-- PROVIDED ENTRIES follows --

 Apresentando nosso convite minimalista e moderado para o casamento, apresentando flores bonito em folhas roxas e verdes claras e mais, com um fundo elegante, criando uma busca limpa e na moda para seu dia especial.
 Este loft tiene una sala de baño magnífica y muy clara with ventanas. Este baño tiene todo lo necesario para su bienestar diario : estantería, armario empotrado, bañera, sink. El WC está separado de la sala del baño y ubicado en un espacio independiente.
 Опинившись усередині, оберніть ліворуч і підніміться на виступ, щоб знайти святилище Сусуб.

-- PROVIDED ENTRIES concluded --
-- PROVIDED ENTRIES follows --

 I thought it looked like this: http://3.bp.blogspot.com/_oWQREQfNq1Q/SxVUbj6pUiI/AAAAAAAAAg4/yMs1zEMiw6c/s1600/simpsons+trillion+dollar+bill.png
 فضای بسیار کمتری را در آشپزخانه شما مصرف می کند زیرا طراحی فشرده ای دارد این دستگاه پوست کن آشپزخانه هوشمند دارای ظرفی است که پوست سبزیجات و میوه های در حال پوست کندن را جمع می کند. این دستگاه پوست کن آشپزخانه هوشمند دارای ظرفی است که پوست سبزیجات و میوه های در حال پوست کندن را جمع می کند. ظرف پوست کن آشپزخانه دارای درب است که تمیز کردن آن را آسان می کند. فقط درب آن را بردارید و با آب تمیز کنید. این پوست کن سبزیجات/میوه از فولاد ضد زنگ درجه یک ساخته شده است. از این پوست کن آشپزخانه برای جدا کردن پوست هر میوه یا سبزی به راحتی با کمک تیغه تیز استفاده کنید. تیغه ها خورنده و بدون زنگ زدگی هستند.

-- PROVIDED ENTRIES concluded --
-- PROVIDED ENTRIES follows --

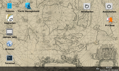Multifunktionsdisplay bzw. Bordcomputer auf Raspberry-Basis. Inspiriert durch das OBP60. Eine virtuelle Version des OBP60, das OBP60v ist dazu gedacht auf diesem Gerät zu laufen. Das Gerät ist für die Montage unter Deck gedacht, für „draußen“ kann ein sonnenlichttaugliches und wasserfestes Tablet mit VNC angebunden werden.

-- PROVIDED ENTRIES concluded --

WORK REQUIRED> In the material above, transcribe exactly the lines beginning at the one with "I thought it" and ending at the one with "فضای بسیار کمتری", both included.

RESPONSE>
 I thought it looked like this: http://3.bp.blogspot.com/_oWQREQfNq1Q/SxVUbj6pUiI/AAAAAAAAAg4/yMs1zEMiw6c/s1600/simpsons+trillion+dollar+bill.png
 فضای بسیار کمتری را در آشپزخانه شما مصرف می کند زیرا طراحی فشرده ای دارد این دستگاه پوست کن آشپزخانه هوشمند دارای ظرفی است که پوست سبزیجات و میوه های در حال پوست کندن را جمع می کند. این دستگاه پوست کن آشپزخانه هوشمند دارای ظرفی است که پوست سبزیجات و میوه های در حال پوست کندن را جمع می کند. ظرف پوست کن آشپزخانه دارای درب است که تمیز کردن آن را آسان می کند. فقط درب آن را بردارید و با آب تمیز کنید. این پوست کن سبزیجات/میوه از فولاد ضد زنگ درجه یک ساخته شده است. از این پوست کن آشپزخانه برای جدا کردن پوست هر میوه یا سبزی به راحتی با کمک تیغه تیز استفاده کنید. تیغه ها خورنده و بدون زنگ زدگی هستند.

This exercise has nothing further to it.